Figure 12. (3,4) threshold scheme; (a) Native audio; (b), (c), (d) and (e) shares generated for participants 1, 2, 3 & 4

Figure 13. Hash values for shares

Figure 14. (a) through (d) stego -images for participants 1, 2, 3 & 4

Figure 15. Verification of checksum to determine integrity of shares

Figure 16. (a), (b) & (c) extracted shares from stego -images; (d) reconstructed audio

Hash function as described earlier is applied on the shares to generate checksum. Figure 13 shows checksum generated for shares in hexadecimal notation. These notations are converted into decimal form so as to concatenate with the shares. So it is evident that the proposed hash function make sure that a) hash algorithm can take input of different size and generates output of specified size b) knowing the hash value it is impossible to determine the shares (one way) c) for each share a different hash value is generated (collision resistant).

Figure 17. (3,4) threshold scheme; (a) original image; (b), (c), (d) and (e) shares generated for participants 1, 2, 3 & 4

Figure 18. Hash values for shares

Figure 19. (a) through (d) stego -images for participants 1, 2, 3 & 4

Figure 20. Verification of checksum to determine integrity of image shares

Figure 21. (a), (b) & (c) extracted shares from stego-images; (d) reconstructed image

After appending checksum to shares, each share is inserted into cover images using LSB Steganography and then sent to the participants. Figure 14 shows stego-images for participants 1 through 4.

Before restoring the secret, the participants must check the integrity of the shares. The extracted and recomputed checksum from the received shares are shown in Figure 15. Since both are same, they can go for reconstruction process.

The results in Figure 16 are for secret reconstruction described in algorithm 6. Figures (a) to (c) are 3 shares out of 4 that are to be combined to get the secret. Figure (d) shows the reconstructed audio after combining shares.

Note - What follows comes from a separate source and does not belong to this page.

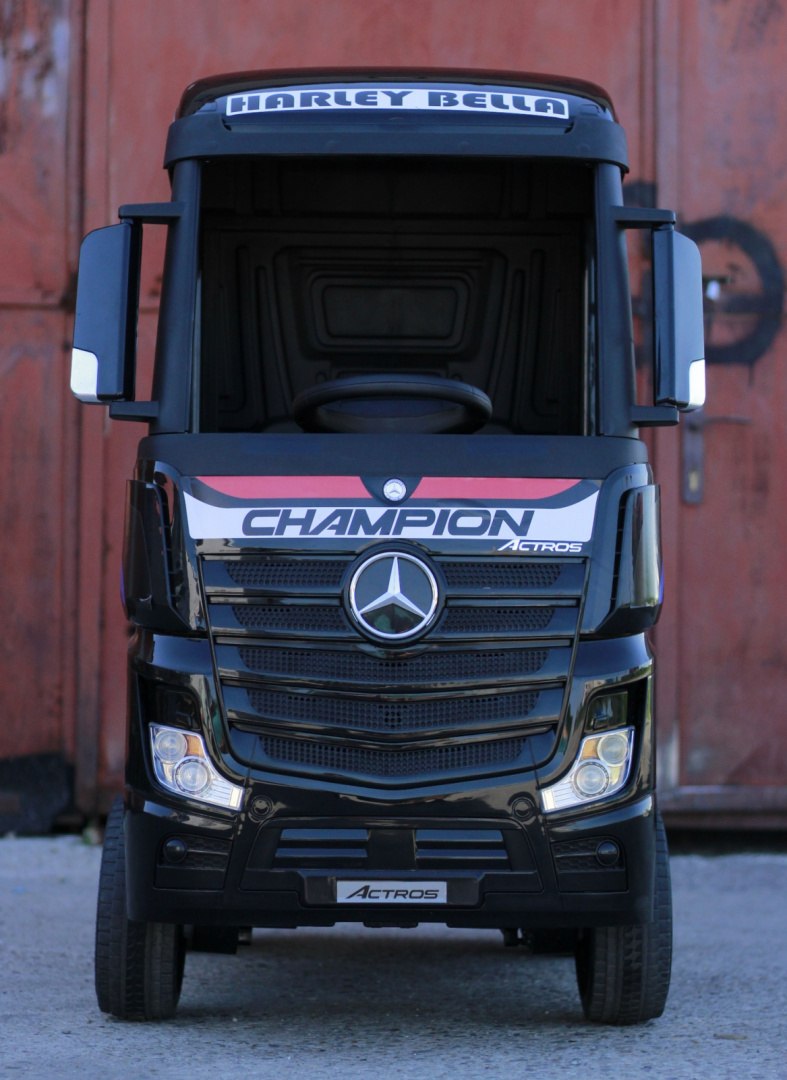 Ciężarówka MERCEDES ACTROS w pełnej wersji napędzany czterema mocnymi silnikami 45 W, z całą pewności zainteresuje młodego wielbiciela ciężarówek.

Original image and the shares generated with images for (3,4) threshold scheme are also shown in Figure 17. Dimensions of individual share are halved of original image.

Hash values generated for image shares are shown in Figure 18. Stego-images containing the shares are shown in Figure 19.

Figure 20 shows the retrieved hash values and the corresponding computed hash value and the reconstruction process is shown in Figure 21.

In terms of functionalities such as reduced share dimensions, integrity and Steganography our scheme is advantageous than some existing secret sharing schemes. In Shamir scheme [1] the share size is equal to size of secret where as our approach has reduced share size. Thenin and Lin [8] scheme generated shares of reduced size but the values of secret data greater than 250 are truncated into two values thereby increasing the size of secret data. Our scheme generates reduced share size without any truncation and also provides addition functionality of integrity and Steganography. In Wang et al. approach [12] shares are reduced to half size of secret whereas in our method reduction in size is based on threshold value. Higher threshold value smaller will be the share size.

4. Conclusion

In the proposed scheme, shares are generated in two different methods. In the first method, primarily original audio goes through encryption process and then shares are generated with the k amplitude values of the encrypted audio. Shares generated are reduced by 1/k dimensions of confidential audio. Likewise, burden of encryption and decryption can be reduced by having the xk-2 coefficients of the polynomial as the amplitude values and xk-1 coefficient as random number. In this case, dimensions of audio shares are 1/k-1 of confidential audio. Further the proposed scheme is equipped with a hash algorithm build on novel block cipher to protect integrity of shares. Experimental results for generation of hash value are shown for both audio and image and it is evident that none of the shares have same hash values and hence the hash algorithm is collision resistant. Finally, different cover images are taken and applying least significant bit replacement technique shares are concealed and then transmitted to the participants. Proposed scheme ensures that each individual share fails to disclose any details about the secret, each share size is reduced to either 1/k or 1/k-1 size of original audio or image and protect data from modifications by unauthorized parties.